# soil temp matters



## old henry (Jan 28, 2013)

Hey folks I found a website last yr ( Illinois Water Surveys) that has hourly soil temp readingsand thought it might help new hunters as well as the professional. We in So Il are bout 8 degrees wamer this time than last yr. It's 41.8 here right now. It ain't gonna be long. I'm predicting mid-late March. Old Henry


----------



## jaybo (Oct 18, 2012)

A bit too soon to tell, but thus so far I'm leaning towards an early year. Up here near Chicago the crocus started sending up shoots about 2 weeks earlier than normal, last year they were 4 weeks early with people finding freak morels the end of March.

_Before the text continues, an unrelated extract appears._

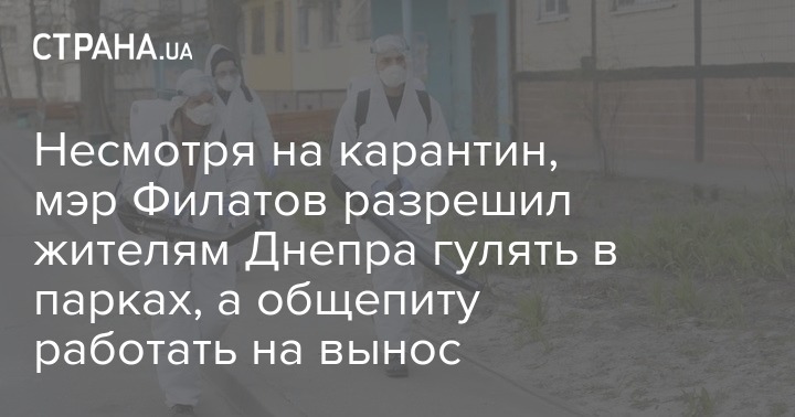 Несмотря на продолжение общегосудартсвенного карантина, в Днепре с четверга, 30 апреля заработают заведения общественного питания (без допуска гостей в зал, только на вынос), химчистки, СТО, ремонтные мастерские. При их посещении обязательным условием остается наличие маски, перчаток и антисептика. Об этом на своей странице в соцсети написал городской голова Днепра Борис Филатов.

Here we've had little to no snow here on the south side of Chicago, but we've had three rain storms of 1-2" that probably make up for it. My long-term guess is around the second week of April up here, as opposed to the 3rd or 4th in a "normal" year. Much can happen the next 4 seeks, we'll just have to wait and see.


----------



## boone (Dec 6, 2012)

Old Henry and Jaybo,I would like to meet you both,I am always wanting to meet outher shroomers wholikes to hunt like I do.If either of you would want to meet I would be glad to take you out here in Mo.or Ks. we do have some awesome areas here.Please let me know what you think and we also buy mushrooms so if you know anyone who likes to sell them we can work out a deal.Thanks a Lot and God Bless.


----------



## old henry (Jan 28, 2013)

@ Boone how far are you from St. Louis. Old Henry Franklin County Illinois


----------



## boone (Dec 6, 2012)

Im up in the NW part,waayyy on the other side of the state.I see where your at it is in the prime mushroom area,nice.I live in St.Joseph. So that should let you know Im a shroomer.I love to hunt in other areas,learn a lot that way.


----------



## old henry (Jan 28, 2013)

Hey Boone I mostly hunt public ground. Perry Co Ill has alot to offer with lots of re-claimed mine ground full of cottonwood trees. Look up Pyramid State park its near Pickneyville, Ill or try google earth( Boulder Lake) is mainly my best spot by far. My best haul was 58 yellow that filled my spore sack


----------